Por mais de dez meses, os estudantes do programa internacional GAME (Abordagem Global por Experiências Modulares) no Instituto de Ciências Marinhas Kiel Leibniz (IFM-GEOMAR) vêm trabalhando em estudos sobre a estabilidade de comunidades marinhas. Exclusivo para a abordagem é a execução simultânea dos experimentos em vários países. Da Austrália à Finlândia, a rede global de dados se estende. Juntamente com seus supervisores científicos de Kiel, os jovens pesquisadores agora estão apresentando novas idéias sobre o curso das invasões no mar.

Impacto parcialmente altamente explosivo

O ponto de partida para o projeto incomum é uma questão central na ecologia de invasões: o que beneficia a transferência de espécies no mar e permite que elas se estabeleçam em ecossistemas estrangeiros? Embora os organismos marinhos presos não possam se mover por conta própria, eles ainda podem ser extremamente móveis. Por exemplo, quando são transportados como crescimento em cascos de navios por longas distâncias e, assim, chegam como novos organismos em novos habitats.

Às vezes, esse processo é explosivo, pois os efeitos da transferência geralmente são desconhecidos e podem causar danos ecológicos e econômicos. Um exemplo bem conhecido disso é o mexilhão de Dreissena, Dreissena polymorpha, que se origina dos afluentes dos mares Negro e Cáspio e, muitas vezes, acrescenta tubulações neste país. Quando as espécies imigrantes são particularmente competitivas, elas também podem substituir as espécies nativas.

Experiências em todo o mundo ao mesmo tempo

Se as espécies de uma comunidade estrangeira também podem se estabelecer a longo prazo no novo ecossistema depende em grande parte da estabilidade da comunidade. Em pesquisas sobre invasões biológicas, apenas espécies únicas ou mesmo suas larvas foram estudadas até o momento. Pela primeira vez, os cientistas do GAME pesquisaram comunidades inteiras de indivíduos adultos e reprodutores. display

Para obter um resultado significativo, como em todos os projetos GAME, os alunos fizeram seus experimentos simultaneamente em vários locais costeiros ao redor do mundo. Isso ocorreu de novembro de 2005 a abril de 2006 no Hemisfério Sul na Austrália, Brasil, Chile e Nova Zelândia e de maio a outubro de 2006 no Hemisfério Norte na Inglaterra, Finlândia, Japão, Malásia e Portugal.

Imigrantes versus habitantes locais

Os alunos analisaram a questão de saber se existe uma relação entre a estabilidade das chamadas comunidades em crescimento ou grupos de organismos sedentários e sua idade. Para isso, eles observaram quanto tempo os diferentes estágios de desenvolvimento dessas comunidades podem sobreviver em um novo local sem que sua estrutura e composição sejam alteradas.

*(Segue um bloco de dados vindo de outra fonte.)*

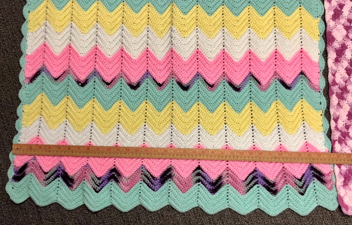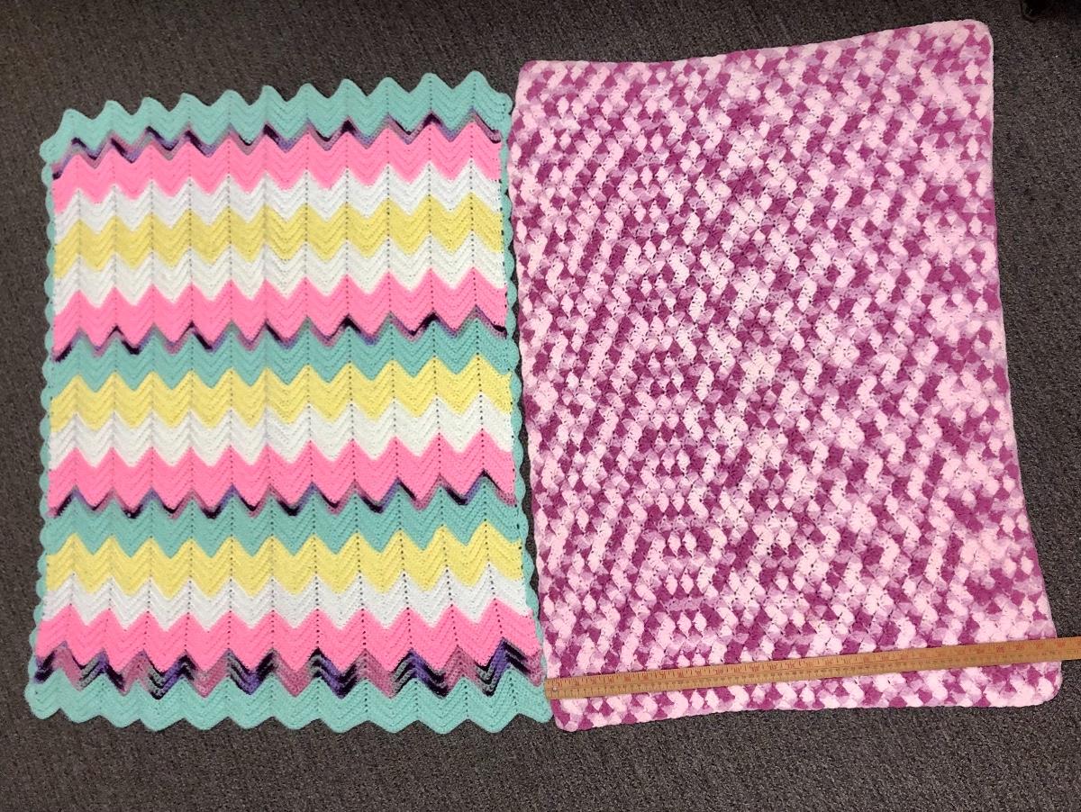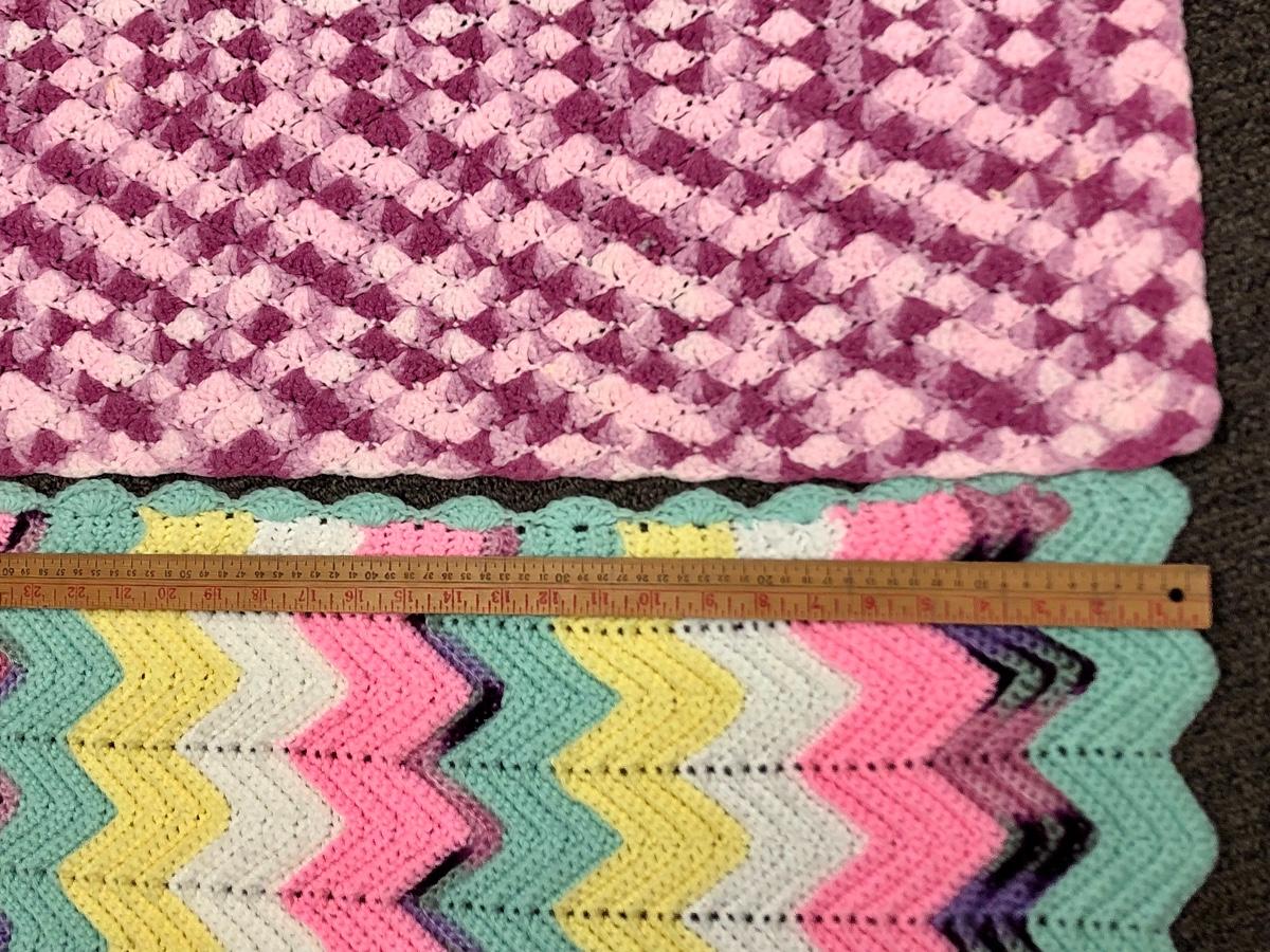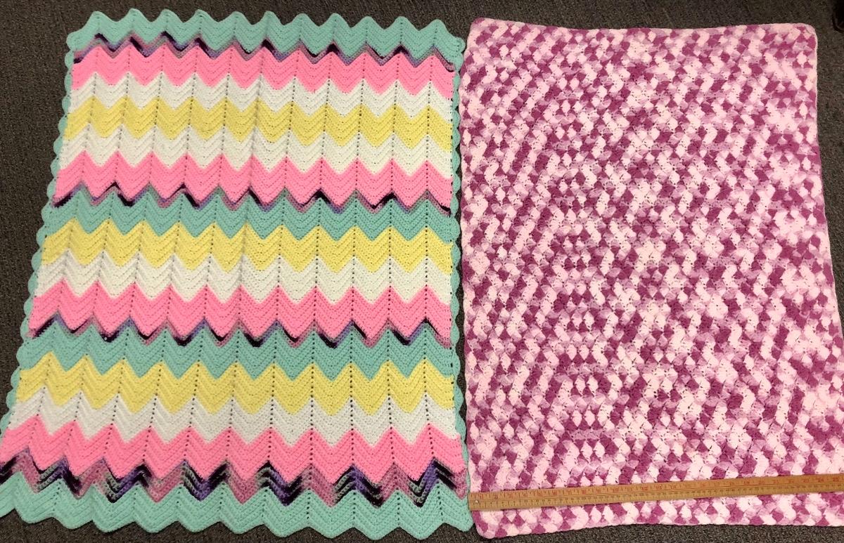 Lot of two Afghan baby blankets, multicolored, handmade
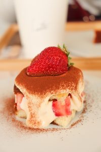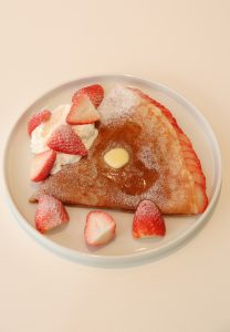 優しい甘さのきび砂糖をかけ、中には手作り苺ジャムが入った一品!
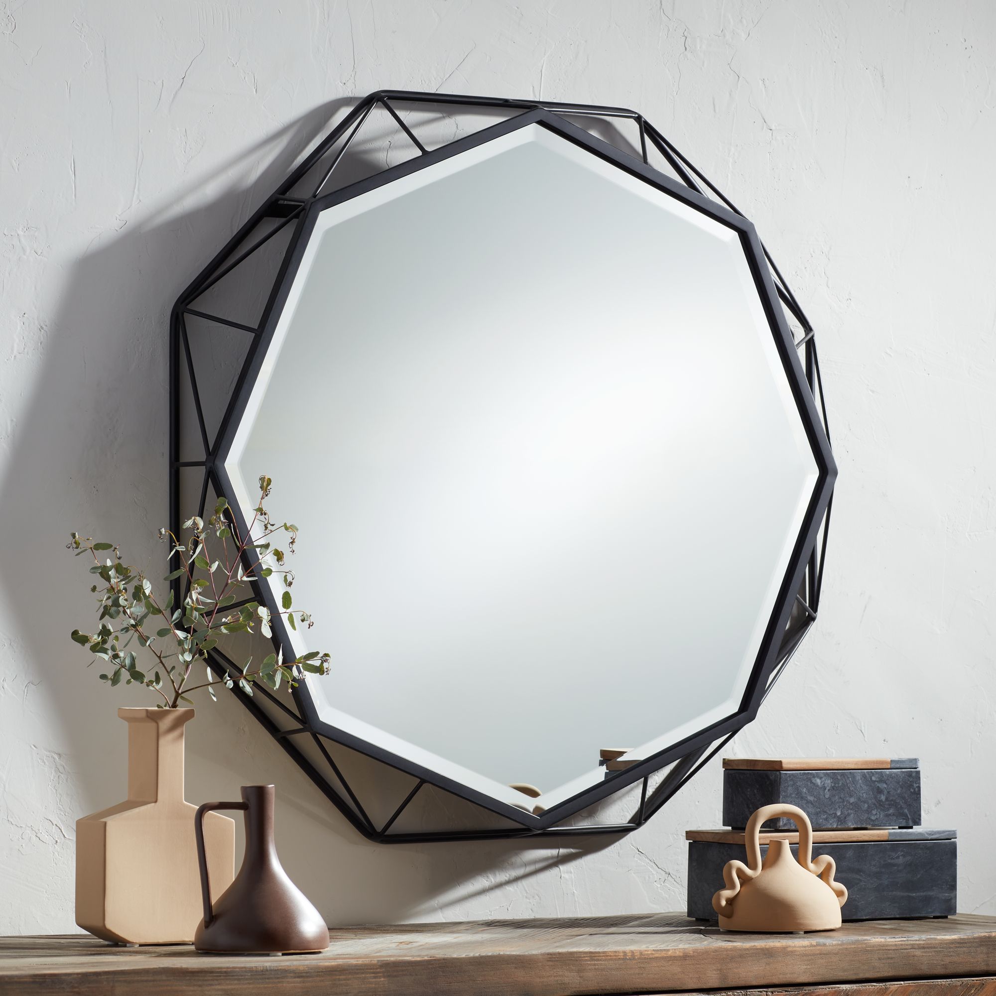 Solanna Matte Black 30" x 30" Octagonal Wall Mirror
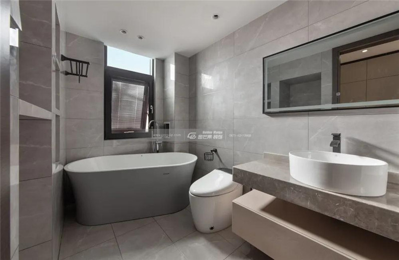 淋浴房在內側做了干濕分離的設計,保證了動線的流暢的同時也不影響浴缸和馬桶區域的視野。
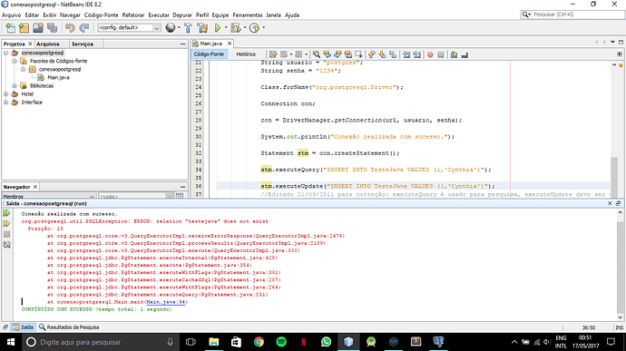 “org.postgresql.util.PSQLException: ERROR: relation “testejava” does not exist”
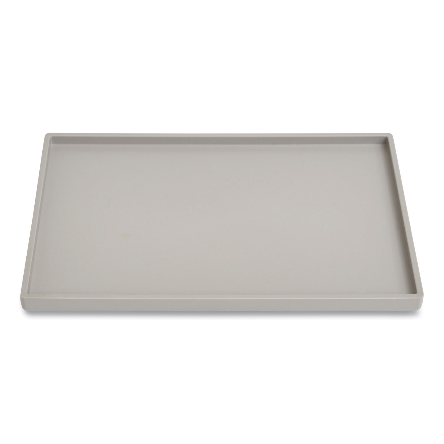Create a customized desktop setup that inspires your best work. Slim, small stacking design requires very little space and is ideal for consolidating mail, memo-pads and small office supplies. Neutral hues and a simple silhouette perfectly suit modern office environments. Integrates easily with other TRU RED desk accessories. Number of Compartments: 1; For File Size: #6 1/4 to #16 Business/Trade Envelopes; Load Orientation: Front; Top; Color(s): Gray.
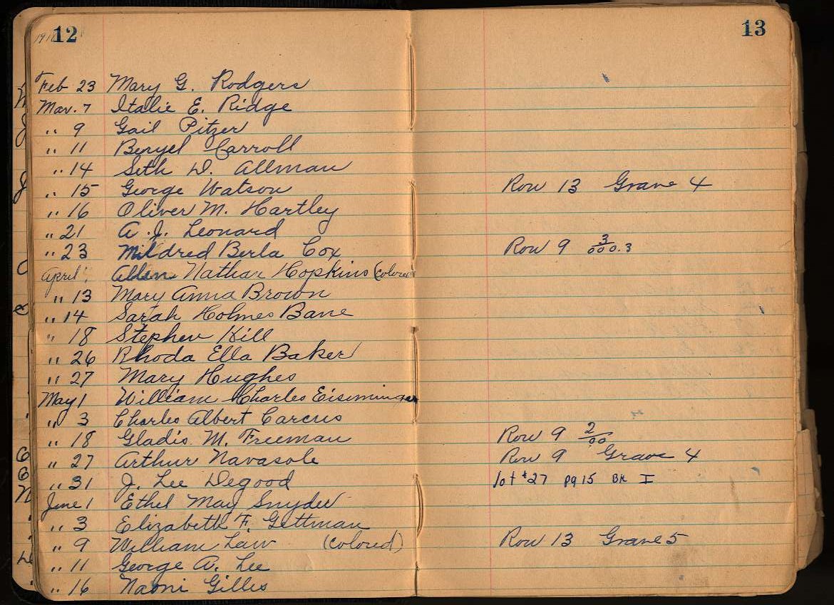 "Little Black Book" of interments
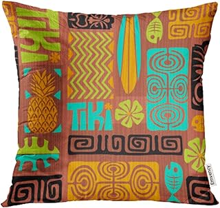 Emvency 装飾用クッションカバー カラフルなプルメリアエキゾチックティキパターン 抽象的 エスニック 魚 花 ハワイアン 20x20インチ ケース 正方形 枕カバー 両面プリント
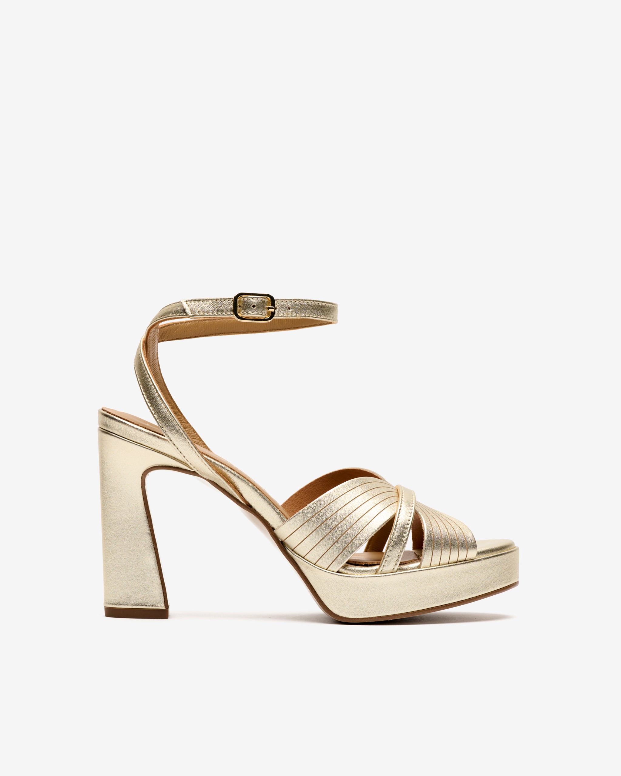 Sandalias de piel metalizada de color platino. Glamouroso diseño de tiras unidas para lograr un efecto acanalado. Serán el complemento perfecto de sus looks festivos.
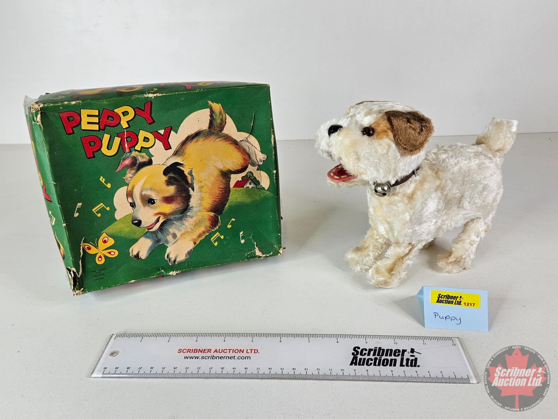 Vintage Wind Up Toy Peppy Puppy c/w Orig. Box (Made By ALPS Japan) (Working)

Como uma abordagem experimental, os cientistas ancoraram anéis de PVC com placas de assentamento em águas rasas costeiras para cultivar comunidades. Após dois ou quatro meses, eles transferiram os anéis para um novo local com diferentes condições ambientais. Dessa forma, os jovens pesquisadores simularam o transporte de organismos marinhos por navios ou dirigindo M.A. Os anéis não foram deslocados por mais de dez quilômetros para evitar a transferência real de espécies através dos limites da distribuição.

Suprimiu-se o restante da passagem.